Durante il tradizionale incontro con i media di fine anno, tenutosi ad Adelboden (BE), il ministro UDC si è detto contento di aver assicurato una certa solidità finanziaria all'esercito, anche se nel corso del suo settennato non sono mancati i momenti difficili, come il "no" popolare all'acquisto dei nuovi caccia da combattimento.

Il fatto che l'esercito disponga ora di più mezzi rispetto a qualche anno fa è secondo Maurer un grande successo. "Per i prossimi anni il bilancio della truppa non rischia più di finire a scadenze regolari sotto il tiro del Parlamento", ha dichiarato .

L'esercito può infatti ora pianificare per un periodo di 4 anni, sapendo di poter contare su un credito di 20 miliardi per questo lasso di tempo. "Abbiamo dovuto lottare per giungere a questo risultato", ha affermato ai giornalisti giunti nella località turistica dell'Oberland bernese.

In un primo momento, il Consiglio federale aveva proposto un tetto inferiore ai 5 miliardi l'anno, ma grazie al sostegno del Parlamento è stato possibile alzare il limite di spesa.

La maggior sconfitta per il consigliere federale UDC, che lascerà a fine anno il suo posto al consigliere federale eletto UDC Guy Parmelin, è stato il no alle urne al nuovo jet da combattimento Gripen.

Un dossier, ha tenuto a precisare Maurer, ereditato dal suo predecessore (Samuel Schmid, il cui nome non è stato mai pronunciato, rappresentante democentrista nell'esecutivo, poco in sintonia con i vertici del partito, n.d.r).

Il progetto è partito nel 2004 e fin da subito i costi sono stati stimati troppo al ribasso, ha precisato Maurer.
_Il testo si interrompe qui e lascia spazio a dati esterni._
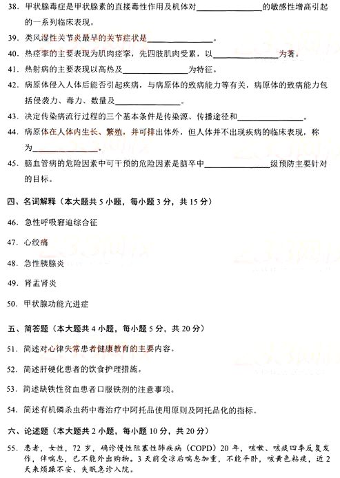 全国2014年10月自学考试《内科护理学(二)》真题(完美word版)(五)

Dai due miliardi iniziali si è infatti saliti a 3,5-5,5 miliardi. "Per questo ho allontanato il capo dell'armamento", ha aggiunto.

In generale, al momento di subentrare a Schmid nel 2009, il DDPS si trovava in pessimo stato. La logistica non funzionava e la truppa non era equipaggiata completamente: insomma, mancava una guida. "Una situazione drammatica e pericolosa per l'esercito", ha spiegato.

Al momento, invece, lo stato della truppa è buono. Anche se è spesso stato deriso per aver detto di volere il miglior esercito del mondo, Maurer ha difeso questa sua visione: nella politica di sicurezza non conto arrivare piazzati, ma vincere.

Ha approfittato della presenza dei media nella località turistica per sottolineare ancora una volta l'importanza della nuova legge sul servizio informazioni, testo contro il quale è stato lanciato il referendum, e su cui si voterà al più presto il 5 giugno 2016. A detta del consigliere federale zurighese, la normativa è la risposta appropriata alle nuove sfide e al pericolo rappresentato dal terrorismo.

Quanto al prossimo passaggio alle finanze, Maurer ha negato che il partito lo abbia spinto a rilevare il dipartimento di Eveline Widmer-Schlumpf. Per quanto attiene al futuro dell'attuale comandante dell'esercito, André Blattmann, quest'ultimo gode al momento di tutta la sua fiducia. Spetterà al suo successore al DDPS, Guy Parmelin, decidere se riconfermarlo o meno. Maurer ha tuttavia spiegato che ci saranno senz'altro dei cambiamenti all'interno del Dipartimento.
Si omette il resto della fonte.